Hamburg. Der HSV bereitet sich in Rotenburg auf das Saisonfinale vor. Ein bewährtes Mittel, um die angeschlagene Psyche wiederaufzurichten.

Pause. Nach etwa 45 Minuten unterbrach Markus Gisdol das Training am Mittwoch und holte sich seine Profis zusammen. Ein Kreis, intensive Ansprache, alle hörten zu. Jedenfalls sah es so aus. Ein Vorgeschmack auf das, was die Spieler von diesem Donnerstag an bis Sonnabend in Rotenburg (Wümme) erwartet: viele Gespräche. Und etwas Fußball.

Nun ist es also wieder so weit. Mit einem Kurztrainingslager will der HSV vor den drei letzten Spielen der Saison 2016/17 den Abwärtstrend stoppen. „Wir wollen alles andere ausblenden“, begründete Sportchef Jens Todt die Maßnahme. Die Partie gegen den direkten Kontrahenten Mainz 05 am Sonntag (15.30 Uhr/Sky und Liveticker bei abendblatt.de) hat Endspielcharakter.

Klassenerhalts-Camps sind Klassiker

Dass es nun Rotenburg wurde, war zwar auch der Belegung der Sportschulen in Barsinghausen und Malente geschuldet, kann aber durchaus als gutes Omen gewertet werden. Vor zwei Jahren begann der damals neue Trainer Bruno Labbadia genau hier seine am Ende doch noch erfolgreiche „Mission impossible“ der HSV-Rettung.

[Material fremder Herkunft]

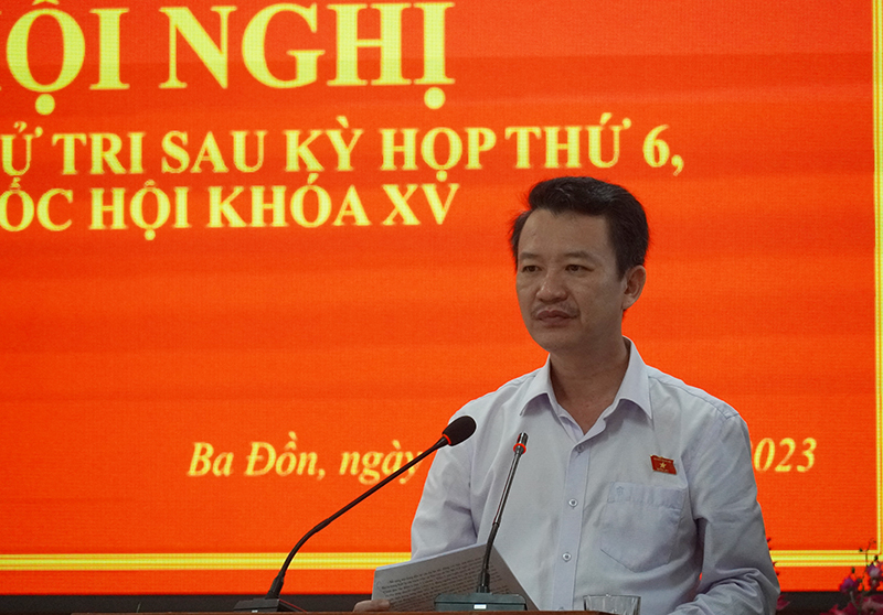 Thay mặt Đoàn ĐBQH tỉnh, ĐBQH Trần Quang Minh đã thông tin trước cử tri về kết quả kỳ họp thứ 6, Quốc hội khóa XV; theo đó, sau 22,5 ngày làm việc, Quốc hội đã xem xét, biểu quyết thông qua 07 luật, 09 nghị quyết, cho ý kiến lần 3 đối với dự án Luật Đất đai (sửa đổi), cho ý kiến lần 2 đối với dự án Luật Các tổ chức tín dụng (sửa đổi), cho ý kiến lần đầu đối với 08 dự án luật khác; lấy phiếu tín nhiệm đối với 44 người giữ chức vụ do Quốc hội bầu hoặc phê chuẩn; tiến hành chất vấn và trả lời chất vấn; xem xét, quyết định các vấn đề về kinh tế - xã hội, ngân sách nhà nước; xem xét các báo cáo về kiến nghị của cử tri và giải quyết các kiến nghị của cử tri cùng một số nội dung quan trọng khác.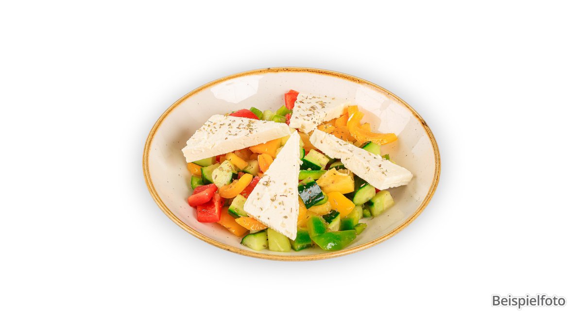 mit Auberginen, Paprika, Zucchini, Pilzen, Tomaten, Gurken, Rucola, Mozzarella und Joghurtsoße

Außerplanmäßige Trainingslager in schwieriger Zeit gehören zum Standardrepertoire der Trainer. Vor ziemlich genau 20 Jahren zog der HSV erstmals in ein Klassenerhalts-Camp ein. Interimscoach Ralf Schehr fuhr mit dem Team nach Schneverdingen, die Rettung glückte durch einen 2:1-Sieg gegen Borussia Dortmund, das sich mental und körperlich bereits auf das anstehende Champions-League-Finale vorbereitete.

Ähnlich lief es 2001 nach der Entlassung von Frank Pagelsdorf. Übergangstrainer Holger Hieronymus suchte die Idylle in einem bayerischen Kurort. Mit dem „Geist von Bad Gögging“ holte seine Mannschaft anschließend immerhin ein 0:0 in Nürnberg. Auch Klaus Toppmöller und Thomas Doll wählten in ihrer Zeit als HSV-Trainer die Maßnahme eines Krisencamps. Unter Toppmöller bereitete sich die Mannschaft im November 2003 in Niederkassel-Uckendorf auf das 1:0 beim 1. FC Köln vor.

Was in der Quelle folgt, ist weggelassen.